From just the USA in 2007, Amazon opened Kindle stores in the UK in 2010, then dashed off four in 2011 (Germany, France, Italy, Spain) and five in 2012 (Japan, China, Canada, Brazil, India). In 2013 the pace slowed to just two new Kindle stores (Mexico and Australia), and in 2014 just one (Netherlands).

Since then, nothing. Apple in the same period delivered fifty-one global ebook stores and Google Play seventy-five.

Sadly the Apple and Google Play expansions have also ground to a halt, but let’s stick with Amazon here, as the supposed global giant of e-commerce (Alibaba and Tencent might disagree).

It’s not that Amazon has given up on its global expansion plans. Far from it.

But chances are, if you focus on Amazon from a publisher’s perspective, you didn’t even notice that Amazon is now in 17 countries.

17? Those will be Australia, Brazil. China, France, Germany, India, Italy, Japan, Mexico, Netherlands, Singapore, Spain, Turkey, United Arab Emirates and the USA. In addition Amazon has a marketplace presence in Vietnam, and is working towards expansion in Indonesia.

Singapore, Turkey and the UAE all launched after the Netherlands (2014), but none have a Kindle store.

Why? Well, there’s no official explanation, but the obvious conclusion is that Amazon does not see books and ebooks as a worthwhile investment in the newest markets.
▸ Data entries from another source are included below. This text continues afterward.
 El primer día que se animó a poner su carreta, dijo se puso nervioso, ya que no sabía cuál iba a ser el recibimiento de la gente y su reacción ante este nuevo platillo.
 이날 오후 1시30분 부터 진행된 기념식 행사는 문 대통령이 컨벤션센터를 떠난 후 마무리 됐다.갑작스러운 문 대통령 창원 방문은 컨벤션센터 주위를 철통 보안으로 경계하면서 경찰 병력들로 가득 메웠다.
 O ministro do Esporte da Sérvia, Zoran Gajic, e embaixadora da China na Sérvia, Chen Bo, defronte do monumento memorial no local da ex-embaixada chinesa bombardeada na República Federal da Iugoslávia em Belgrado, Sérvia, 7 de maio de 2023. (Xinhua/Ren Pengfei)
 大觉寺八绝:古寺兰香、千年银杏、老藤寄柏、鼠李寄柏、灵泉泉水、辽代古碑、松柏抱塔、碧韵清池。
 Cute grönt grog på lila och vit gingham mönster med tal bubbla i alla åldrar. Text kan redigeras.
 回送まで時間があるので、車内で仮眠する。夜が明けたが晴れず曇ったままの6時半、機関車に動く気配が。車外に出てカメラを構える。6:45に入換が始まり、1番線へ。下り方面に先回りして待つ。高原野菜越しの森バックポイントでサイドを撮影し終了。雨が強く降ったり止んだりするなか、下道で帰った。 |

It’s not that books are not profitable for Amazon, but as I’ve noted many times, Amazon’s publishing arm runs on print rails. The Kindle store was created to serve mainstream publishers wanting to deliver digital copies of their print books, and with every Kindle store launch there has been an enormous amount of negotiation with big publishers to bring digital content into the store.

Self-publishers and small presses all benefitted, of course, but they were never the target.
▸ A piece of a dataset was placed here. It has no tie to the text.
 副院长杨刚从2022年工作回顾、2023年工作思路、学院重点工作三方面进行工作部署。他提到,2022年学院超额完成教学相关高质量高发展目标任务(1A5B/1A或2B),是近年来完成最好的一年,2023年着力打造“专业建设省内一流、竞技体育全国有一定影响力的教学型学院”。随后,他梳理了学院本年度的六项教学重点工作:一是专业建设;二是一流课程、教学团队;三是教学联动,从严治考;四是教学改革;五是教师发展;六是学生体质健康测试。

Fair to say the Kindle Netherlands launch came too little too late for the Dutch, who has been enjoying ebooks from other players while Amazon was busy elsewhere. In consequence the Dutch Kindle store, serving an online population of just 16 million people, has never really made waves, and that perhaps helped Amazon’s decision to call it a day with the Kindle expansion programme.

The Kindle expansion programme? Before we get to that, let’s consider Amazon Music Unlimited, which only launched in 2016.
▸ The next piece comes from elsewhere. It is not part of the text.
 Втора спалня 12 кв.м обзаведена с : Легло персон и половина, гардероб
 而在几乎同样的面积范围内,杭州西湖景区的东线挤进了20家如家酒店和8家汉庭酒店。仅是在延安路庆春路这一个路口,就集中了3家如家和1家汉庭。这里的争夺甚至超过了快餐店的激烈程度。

Today Amazon Music Unlimited is available in Argentina, Belgium, Bolivia, Chile, Colombia, Costa Rica, Dominican Republic, Ecuador, El Salvador, Guatemala, Honduras, Nicaragua, Panama, Paraguay, Peru, Uruguay, Cyprus, Malta, Czech Republic, Liechtenstein, Luxembourg, Netherlands, Poland, Iceland, Bulgaria, Estonia, Finland, Greece, Hungary, Latvia, Lithuania, Portugal, Slovakia, Sweden, and Gibraltar.

Meantime Amazon Video has gone much further, and has since late 2016 been offering video streaming of the latest TV and films to more than 200 countries.

But as we start our fifth year of no new Kindle stores being opened one has to wonder if Amazon’s stated goal, gathering cyber-dust on the Amazon website,

to have every book, ever published, in any language available for Kindle customers to purchase and begin reading in less than 60 seconds,

has been permanently shelved.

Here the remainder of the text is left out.